From the Editor: Word is spreading. Fifteen months after the NFB Jernigan Institute established the Science Academy to encourage blind students to study science, opportunities for scientific investigation are expanding. This past summer two more groups of teenagers came to the Institute for the Rocket On! and Circle of Life science camps. In addition a group of teens in Missoula, Montana, attended a week-long science camp, Camp Eureka!, sponsored in part by the Missoula chapter of the NFB with an Imagination Fund grant. Also this spring at the Colorado Center for the Blind, blind adults and kids got to dissect dogfish.

Each time blind students are invited and expected to take an active part in science education, the barrier keeping them out crumbles a little further. Here are two newspaper articles that report on these small but significant breakthroughs.
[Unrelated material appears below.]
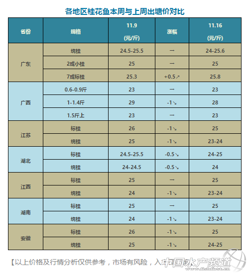 中國水產頻道獨家報道, 文/圖水產前沿李靜 養好魚,更要賣好魚 全國鱖鯪行情每周見 全國行情分析及預測 據悉,本周廣東標桂塘頭價出現小幅上漲,規格偏小或偏大的魚微跌,總體穩中略漲。標桂成數占比例較大的最高可以賣25.8元/斤,也有魚中報價26元/斤。據悉,目前因婚宴酒席較少,桂魚相對處于消費淡季,而每到年底則為消費旺季。有業內人士介紹,今年因投苗量少,且很多桂魚養殖過程中因發病而提前清塘處理,導致目前整體存塘量低于往年同期,故預計年底行情或比較可觀。 但據養殖戶反映,廣東不同地區塘頭價有些差異,清遠和英德兩地塘頭價比佛山順德要低1元/斤左右,而肇慶地區塘頭價則比佛山順德低0.3元/斤左右。比如:肇慶報價25-25.5元/斤;江門報價25-25.8元/斤;佛山三水報價25-25.3元/斤;佛山順德報價25.5-25.8元/斤;英德報價24-24.5元/斤;清遠報價24-24.5元/斤。其他六省因都有新魚陸續上市,價格微跌。 餌料魚價格:肇慶麥鯪4.1元/斤、肇慶土鯪5.0元/斤、江門麥鯪4.2元/斤、佛山土鯪4.5元/斤、高明麥鯪4.2元/斤、清遠麥鯪4.4元/斤、湖北麥鯪3.9元/斤。 【關鍵字】:桂花 報價 水產養殖 |

On June 22 the Missoulian published an article on Camp Eureka! on its front page.

 

Natural Symphony--Camp Takes Blind Kids into the Wild
by Perry Backus

Strolling along the dirt path leading into the Lee Metcalf National Wildlife Refuge, Skyler Kroll stops and holds up his little blue tape recorder.

"What do you hear?" asks Sean Meister.

"Crickets," is the reply from the eight-year-old. "I'm recording them."

"Hear the bird? It's a warbler of some sort," Meister says.

"Yep. I'm recording that too," Kroll chirps. "I'm going to record everything."

Just up ahead seven other young campers also are stopping as they capture the sounds of nature on their own recorders. A few minutes later they'll gather in the cool shade of a nearby pine to learn from a University of Montana ornithologist which song belongs to which bird.

And that's just the beginning of their second day at Camp Eureka!--a four-day-long natural history camp for children with visual impairments. Over the next few days the eight-to-twelve-year-olds from all parts of western Montana will learn about raptors, sing some folk music, and even discover the joys of mule packing at the Lee Metcalf and Teller wildlife refuges.

Camp Eureka! is about rediscovery. And it's not just the youngsters who are learning. Beth Underwood is the driving force behind the natural history camp for the blind. She spent twenty-six years as an environmental education specialist working both at the National Bison Range and the Lee Metcalf refuge before a bout with glaucoma changed everything.

"I had to regroup as I was dealing with my own vision problems," she said. So she learned Braille, earned a teaching certificate, and began tutoring a blind preschooler. She didn't forget what she knew best, and it wasn't long before she began to ponder the possibility of developing a summertime nature camp for blind children. "I finally decided I can do this," she said. "I knew it would be so wonderful for the children."

While she couldn't find another similar program anywhere else in the country to serve as a model, Underwood didn't have a hard time finding enthusiastic sponsors and people willing to volunteer as instructors and mentors. "Our partners have been terrific," she said. Those sponsors included the National Federation of the Blind, which sent a representative from Baltimore to take a look at the new camp.

Mark Riccobono, director of education for the Federation's Jernigan Institute, liked what he saw Tuesday morning, especially the blind adults volunteering as mentors. "That's especially important in a state like Montana that's so spread out," he said. "Most of these youngsters probably don't even know another blind person. Having a blind role model is critical."

That was something Underwood considered early on when she started putting together the program. She also knew that the sighted instructors were going to need some help before they sat down and started to interact with the young campers. They received that training this spring.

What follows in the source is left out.